House GOP pass bill to ban transgender women, girls from female school sports teams

 House Republicans on Thursday passed a bill that seeks to prohibit transgender women and girls from participating in female athletic programs, moving to the national stage an issue that has thus far mainly played out in state legislatures and individual sports associations.

The legislation — titled the Protection of Women and Girls in Sports Act and sponsored by Rep. Greg Steube (R-Fla.) — passed in a party-line 219-203 vote. It is the first standalone bill to restrict the rights of transgender people considered in the House.

The Democratic-controlled Senate, however, is unlikely to take up the measure, and the White House has issued a veto threat.

The bill, which failed to advance during the last three Congresses, would amend Title IX — the federal civil rights law prohibiting sex-based discrimination in education — to recognize sex as that which is “based solely on a person’s reproductive biology and genetics at birth.” 

It specifically calls for prohibiting recipients of federal financial assistance that operate athletic activities from allowing transgender women and girls from participating on female sports teams.

It would not, however, block transgender women and girls from training or practicing with female athletic programs “so long as no female is deprived of a roster spot on a team or sport, opportunity to participate in a practice or competition, scholarship, admission to an educational institution” or other benefits.

“This is about protecting women’s sports now and into the future,” House GOP Conference Chair Elise Stefanik (N.Y.), the highest-ranking Republican woman in the chamber, said at a press conference ahead of the vote Thursday.

“Biological women and girls should only be competing against other biological women and girls,” Rep. Beth Van Duyne (R-Texas) said. “And I don’t care how many surgeries you have, I don’t care how many chemicals you put into your body.

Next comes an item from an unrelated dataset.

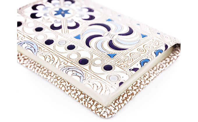白革に型を押し (浮世絵柄、小紋柄、花柄、等)、一筆一筆彩色を施し、漆で古びをつける行程(『錆入れ』(さびいれ)と呼ばれます)を経て、 お財布や小物などに縫製して仕立てます。

You’re not going to be a biological woman.”

The Biden administration announced on Monday the president would veto the bill if it landed on his desk, arguing it discriminates against children.

The administration earlier this month in a set of proposed changes to Title IX criticized policies that broadly ban transgender athletes from competing on sports teams consistent with their gender identity.

The Education Department’s proposal, which has yet to undergo a period of public comment, would not prohibit transgender athlete bans in their entirety, however, and local school districts will still be able to enact policies that limit athletic participation based on a set of sex-related eligibility criteria if the rule is finalized into law.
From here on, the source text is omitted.